Netflix's New Thriller Is Worth It for Its Stars Alone
Briefly

Netflix's New Thriller Is Worth It for Its Stars Alone
""It's boring! No wonder you're stuck!" he says. Aggie tries to defend her idea: "It's two people with radically opposed worldviews, deeply polarized convictions, who still manage to have real affection-" Nile, played by Rhys as a magnetically rude man, mimics putting on a mask and breathing into it: "It's a snooze! No one wants hope! You know that! People want gossip and carnage!""
"Aggie, a prize-winning writer with a Bushwick-dwelling artist ex-wife and bylines in the Atlantic and the New Yorker, is Ginsburg. Nile, a rapacious developer and a capitalist prone to declarations like "Selfish gets shit done" and "Humans have eyes in the front and sharp teeth ... we are predators," is Scalia. They may seem like opposites, but just as Ginsburg and Scalia were both creatures of the privilege the Supreme Court conveys"
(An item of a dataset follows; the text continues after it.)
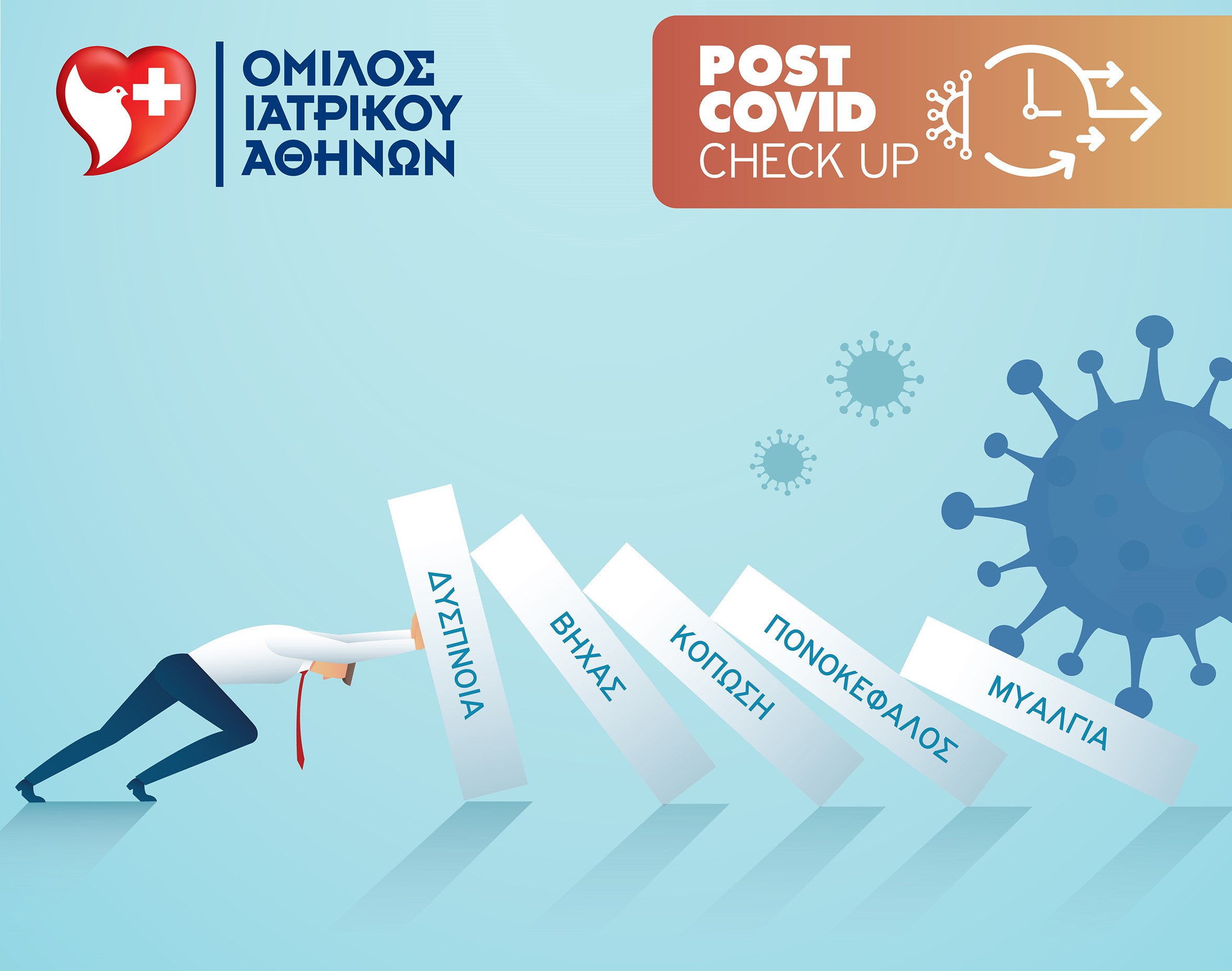Το Post Covid Check up από τον Όμιλο Ιατρικού Αθηνών, περιλαμβάνει έναν πλήρη κλινικό και εργαστηριακό έλεγχο για την αντιμετώπιση και αποκατάσταση των ασθενών που νόσησαν με κορωνοιό.

Agatha Gibbs has a contract to write a book about the friendship between Ruth Bader Ginsburg and Antonin Scalia but is stalled on the project. Her only child died in a car accident four years earlier, and she and her wife divorced in the aftermath. A wealthy neighbor, Nile Jarvis, openly criticizes her project as dull and urges sensationalism. Aggie and Nile develop an unexpected, intense rapport that echoes the Ginsburg-Scalia dynamic. Both characters share New York privilege and an obsession with prestige despite holding opposing worldviews, revealing complex similarities beneath apparent differences.